Thauberger explores the way that pop songs, especially sad ones, may be heart-felt in spite of the cliches employed by their writers and performers. She did something similar in Songstress, 2002, for which she filmed a number of aspiring female folksingers performing ballads outdoors, in unsullied Pacific Northwest landscapes. The Songstress performances are uncomfortably raw, suggesting that Thauberger might be encouraging us to poke fun at her subjects' earnestness. The women sing their songs alone in a direct appeal to the viewer; in A Memory, the singers have each other and thus a sense of community, one that hints at an element of faith in something larger than themselves.

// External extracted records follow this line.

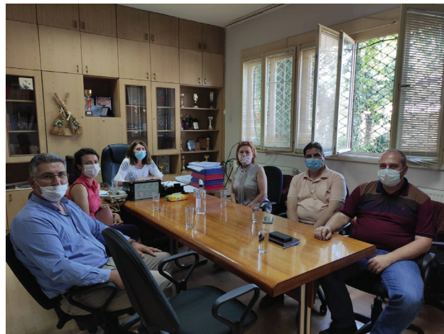
Сл 6. Сосјанок со директорот на ЈП Чистота и зеленило, претставници од општина Куманово и Здружение на граѓани - МОТИВО

општина Куманово. Во општина Куманово, фокал поинт организација е Здружение на граѓани МОТИВО, чиишто претставници неуморно ја подржуваат оваа акција.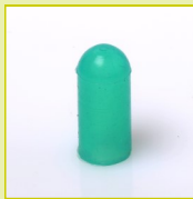
N31 Protecteur pour tête de vis et tube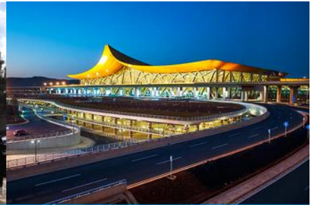
สนามบินเมืองคุนหมิง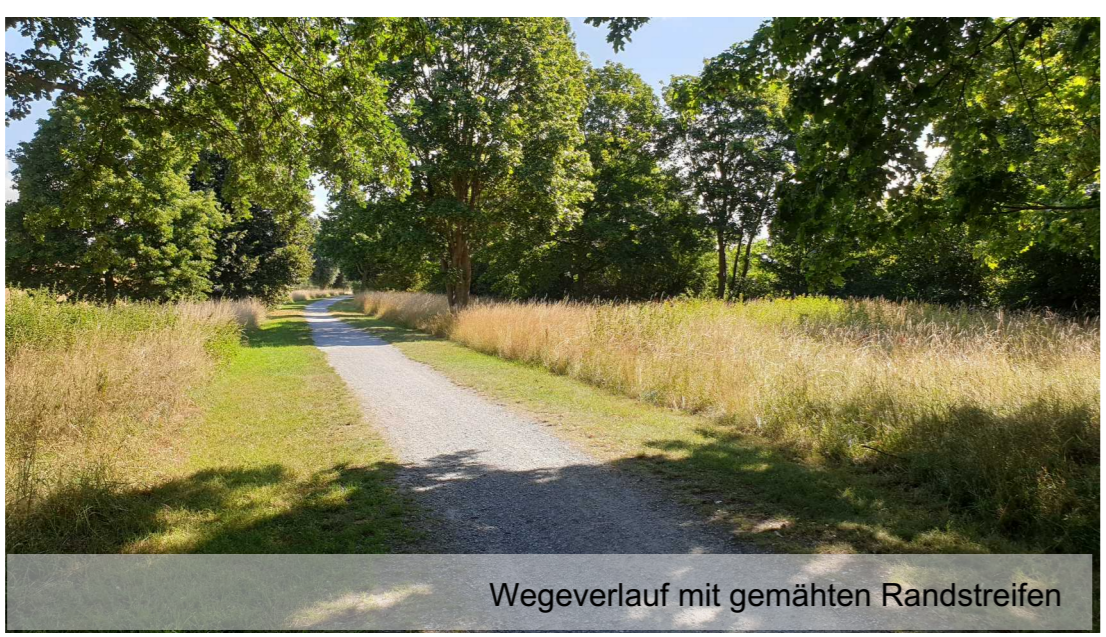
Wegeverlauf mit gemähten Randstreifen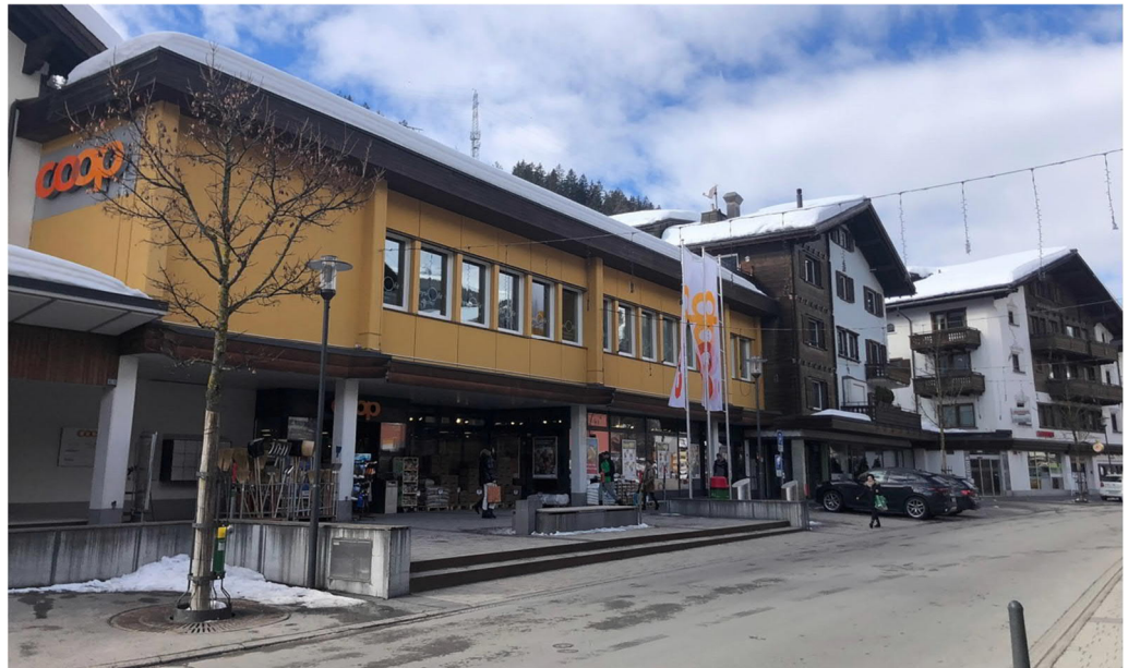
Abb. 1 Foto ins Quartierplangebiet «Coop-Areal», an der Bahnhofstrasse

Des Weiteren müssen die Rahmenbedingungen und Entwicklungsmöglichkeiten planerisch und öffentlich-rechtlich festgesetzt werden, weshalb für das betroffene Gebiet eine Quartierplanung durchgeführt wurde.

This idea is also expressed in the Memory songs' lyrics, which are printed on the wall outside the screening room. The words waver between the spiritual and the hokey, addressing both loss of innocence and subsequent repentance. So Sky sings, "Once we were like a coven, our spirits soared/Sisterhood kept us strong/And as easy as it was, it was no more," and Aleta, "All my emotions rise to the surface / My life takes a fall/I'm alone and I have lost my place / And I don't know who I can call." The words are direct expressions of feeling, but despite the respect with which Thaubeger treats her theme, the work is somehow less than the sum of its parts. It's difficult to take not because of its unabashedly emotional content or its confrontation of spirituality but because the narrative, while realistic, may be too quotidian to hold our interest repeatedly and doesn't necessarily enhance our understanding. More problematic still is the fact that the songs are hookless, almost indistinguishable dirges, resulting in a work with limited cult appeal rather than a bona fide hit.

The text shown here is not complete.